If $B^2$ is less than $2$, then $B^2-2<0$, but:

$$\begin{array} {aa} B^2-2 < 0 & \implies \left( \frac{a^2+2}{2a} \right)^2 - 2 < 0 \\ & \implies \frac{a^4+4a^2+4}{4a} - \frac{8a^2}{4a^2} < 0 \\ & \implies \frac{(a^2-2)^2}{(2a)^2} < 0 \end{array}$$

Which is a contradiction since the left hand side of the inequality will be positive for all values of $a$.

But I think we must be able to find such a $B$ since based on my understanding of this answer, we can find a another rational number whose distance from $a$ is less than the distance between $a$ and $\sqrt{2}$

Therefore, I have 2 questions to ask:

1. Why does this approach work in the case of $a^2>2$ but not when $a^2<2$?

2. How should I approach these kind of questions since it seems that there are a few ways to construct a $B$ that satisfies a given set of restrictions? For example, see here (the proof is immediately before the section "13. The Completeness Axiom".

Answer 1

Suppose that $a$ is a positive rational number such that $a^2\lt 2$. Let $$b=\frac{3a+4}{2a+3}.$$ First we show that $b\gt a$. We have $$b-a=\frac{3a+4}{2a+3}-a=\frac{2(2-a^2)}{2a+3}\gt 0.$$ Now we show that $b^2\lt 2$. We have $$2-b^2=2-\left(\frac{3a+4}{2a+3}\right)^2=\frac{2-a^2}{(2a+3)^2}\gt 0.$$

Remark: The choice of $b$ may seem somewhat magical, but it is not. It comes from the theory of the Pell equation $x^2-2y^2=1$, or alternately from the continued fraction expansion of $\sqrt{2}$.

Answer 2

The trouble with taking the arithmetic mean of $a$ and $\dfrac 2 a$ is, as you observe, that it gives a value $> \sqrt 2$. Try taking the harmonic mean instead.

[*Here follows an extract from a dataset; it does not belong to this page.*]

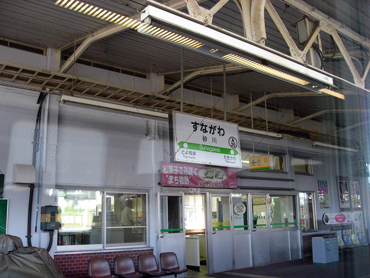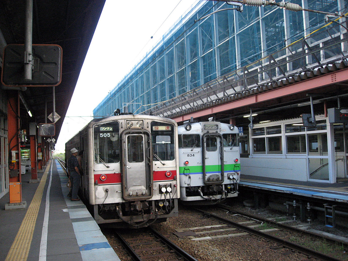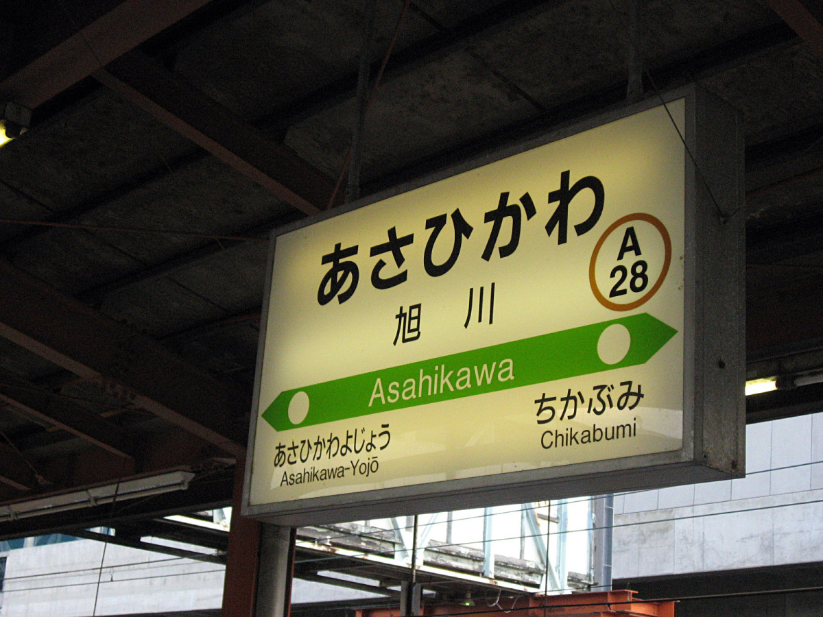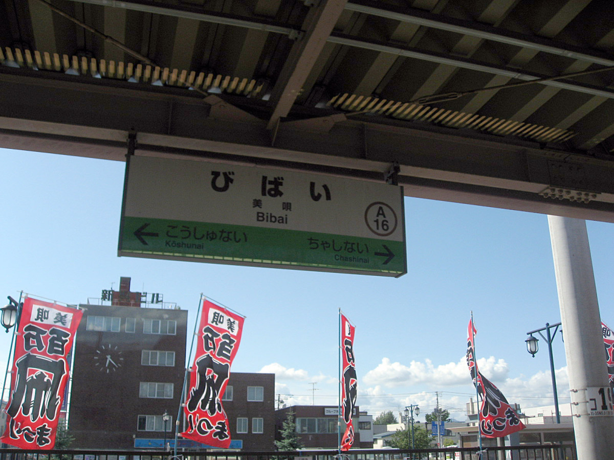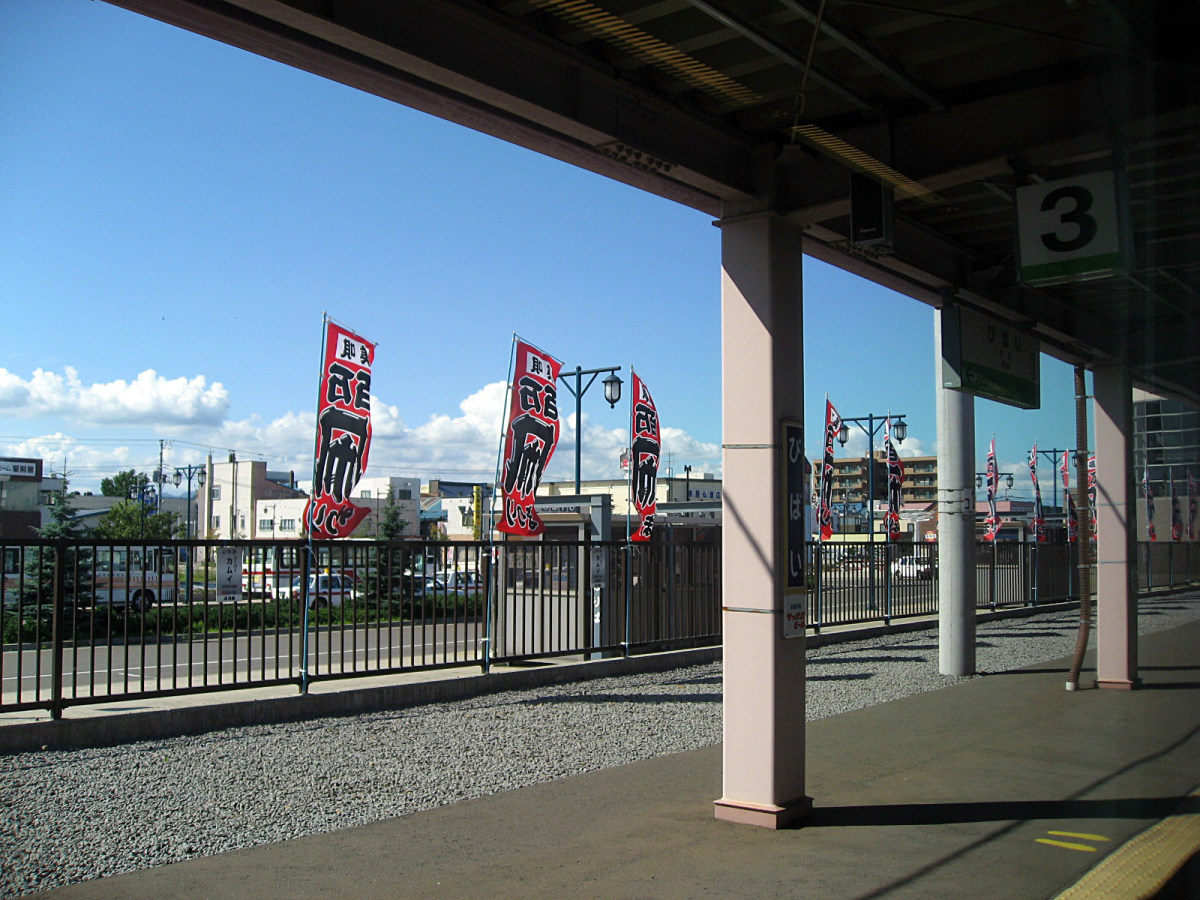さて,妹背牛っていう通過駅で函館本線は東に曲がって,深川駅です・・。
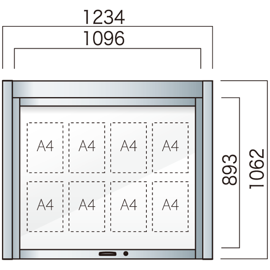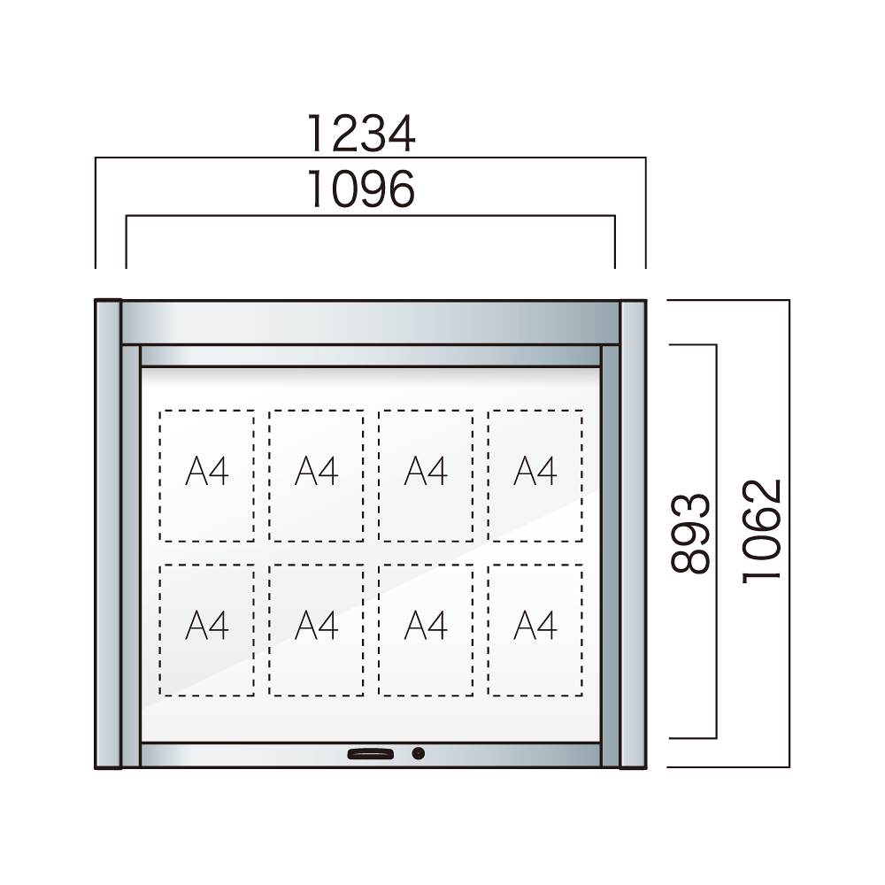 商品説明:跳ね上げ式 壁付型 アルミ掲示板 AGS-1210W/1510W/1810W AGS-1210W(幅1234mm) LED付 シルバーつや消し (AGS-1210W(LED-S))

Btw, some of your logic chains are reversed: you have right arrows where you need left arrows.

Answer 3

I too, remembered that this was explained in Baby Rudin:

Associate to each rational $p>0$ , the number:

$p':=\frac{2p+2}{p+2}$

then, if p is in $S_A$:={$x:x^2<2 $}, then $p'^2-2=[(2p+2)/(p+2)]^2-2= \frac{2(p^2-2)}{(p+2)^2}<0$ , so $\frac{2p+2}{p+2}$ is in $S_A$.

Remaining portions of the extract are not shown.